Thursday, October 27, 2011

One more for today

Here's one more of the posts from ChosenFamilies.org. Love, love, love this.....

Permission to Cry
October 26, 2011 By Joan 1 Comment
I was flying home Monday, and trying to catch up on my Bible study homework before the plane landed. I can’t defend the theology of “catching up” on spiritual homework….
But somewhere at 30,000 ft. Jesus met me in my seat, as I sat between the window and a stranger.
I was reading John 11, the story of Lazarus dying, his sisters weeping, sending for Jesus, and Jesus choosing not to come…so “that you may believe.” Believe what? His disciples were missing something. I wondered in my cramped seat, what truth was I missing? (When you’re sitting in seats obviously not designed for human beings WITH knees, it’s easy to wonder what else you’re missing.)
I have loved this story for a long time, for many reasons. But certain phrases kept diverting my attention (away from my “regularly scheduled program” of questions). “Jesus…was deeply moved in spirit, and was troubled…Jesus wept…Jesus therefore again being deeply moved within…”. I was struck again by the truth that perfect communion with God His Father did not protect Jesus from being deeply moved (and we’re not talking “deeply moved with joy” here.) If you live with hidden disabilities, you’ve been “deeply moved” too. And just to be clear: not even perfect communion with God protects us from deep painful emotions.
In fact, I feel like Tevye, the father from Fiddler on the Roof. “On the one hand,” I feel many DEEP emotions as I walk out life with my loved ones who struggle with hidden disabilities. “On the other hand,” practically speaking, I often set aside my own emotions, in order to fill my role as an Emotional First Responder. Working in the ICU, there was no time to cry while doing CPR. Work first, sob later.
But the problem is I am NOT a nurse working a shift and going home. My work is now IN my home…and sometimes I set aside my emotions for too long, as if they are not as important to Jesus, simply because I am not the one in crisis…which leads to Emotional Flatlands. Jesus didn’t want me to go flat.
His own example gave me permission to feel it all – to be DEEPLY MOVED. Jesus, my High Priest, FEELS! I can’t explain it well, but that makes it “well with my soul.”

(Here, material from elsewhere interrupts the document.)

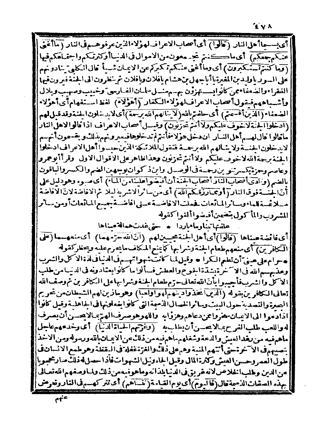 أي: بسيما أهل النار {قالوا} أي: أصحاب الأعراف لهؤلاء الذين عرفوهم في النار {ما أغنى عنكم جمعكم} أي: ما كنتم تجمعون من الأموال في الدنيا أو كثرتكم واجتماعكم فيها {وما كنتم تستكبرون} أي: وما أغنى عنكم تكبركم عن الإيمان شيئاً، قال الكلبيّ: ينادونهم على السور يا وليد بن المغيرة يا أبا جهل بن هشام يا فلان ويا فلان ثم ينظرون إلى الجنة فيرون فيها الفقراء والضعفاء ممن كانوا يستهزؤون بهم مثل سلمان الفارسيّ وخبيب وصهيب وبلال وأشباههم فيقول أصحاب الأعراف لهؤلاء الكفار:

Furthermore, (I just can’t leave this part out) Martha said, “Lord, if You had been here, my brother would not have died.” I get this, too. I have hoped, as both sisters did, for Jesus to “arrive” on the scene of my life, in time to prevent the death of something precious to me. I have wept over dead and buried dreams. My soul has said to Him, like Martha, “If You had been here (with me), _____ (list of bad things) wouldn’t have happened. I know that much about You and Your power.”
In response, Jesus reasoned with Martha…talked with her. Sometimes He reasons with me, helping me organize my disheveled thoughts, completing my flawed theology…and I’m comforted.

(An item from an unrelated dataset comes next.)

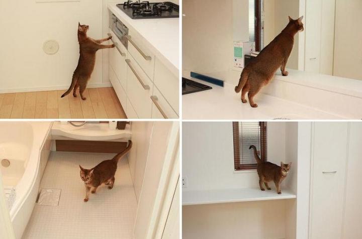 新居に荷物が入り始めた頃に連れて行き、いつもの2階建てケージに移動。

BUT Mary said the exact same thing as her sister, yet Jesus did NOT try to reason with her. He wept with Mary — even though He KNEW He was going to solve her pain within minutes. Why stop and weep with her? Why waste that time – why not pick her up, run to the tomb, raise her brother, and end everyone’s tears? I’m stunned it was more important to Jesus that Mary know her pain hurt Him, than it was to rush to raise Lazarus. He did the resurrecting, to be sure, but after he did the weeping. That awes me.

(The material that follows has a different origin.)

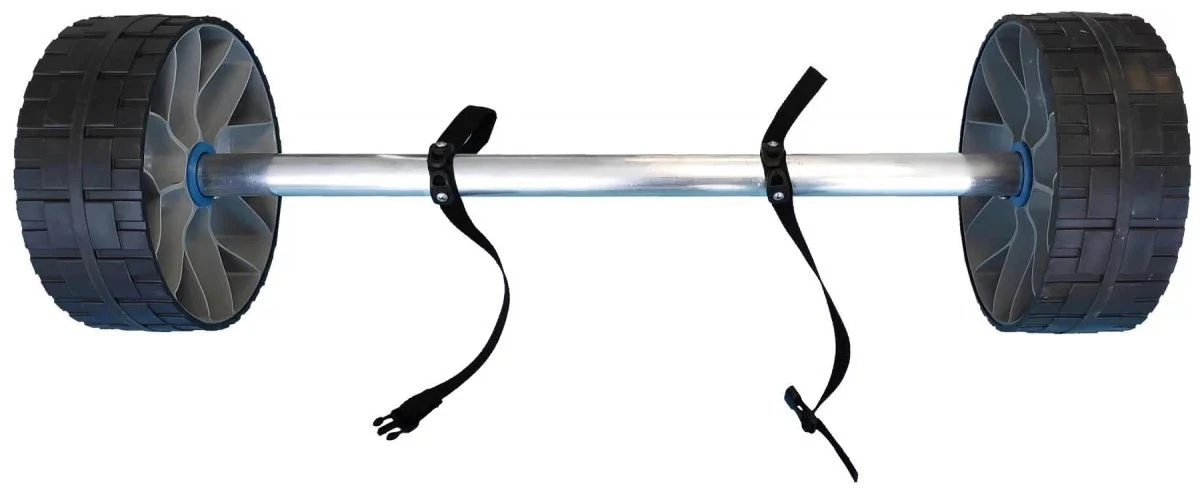 Easily attach these all-terrain wheels to your Pakayak bag.

And I got the message, once again. He weeps with me. He takes that kind of time. Even though a miracle is coming. Cry now, we’ll talk later.
Every mama with hidden disabilities in her home needs time for her own emotions (even though miracles are coming)….
Jesus tenderly met me at 30,000 ft. to tell me again, right there on United Airlines, my tears matter to Him. And I believe Him.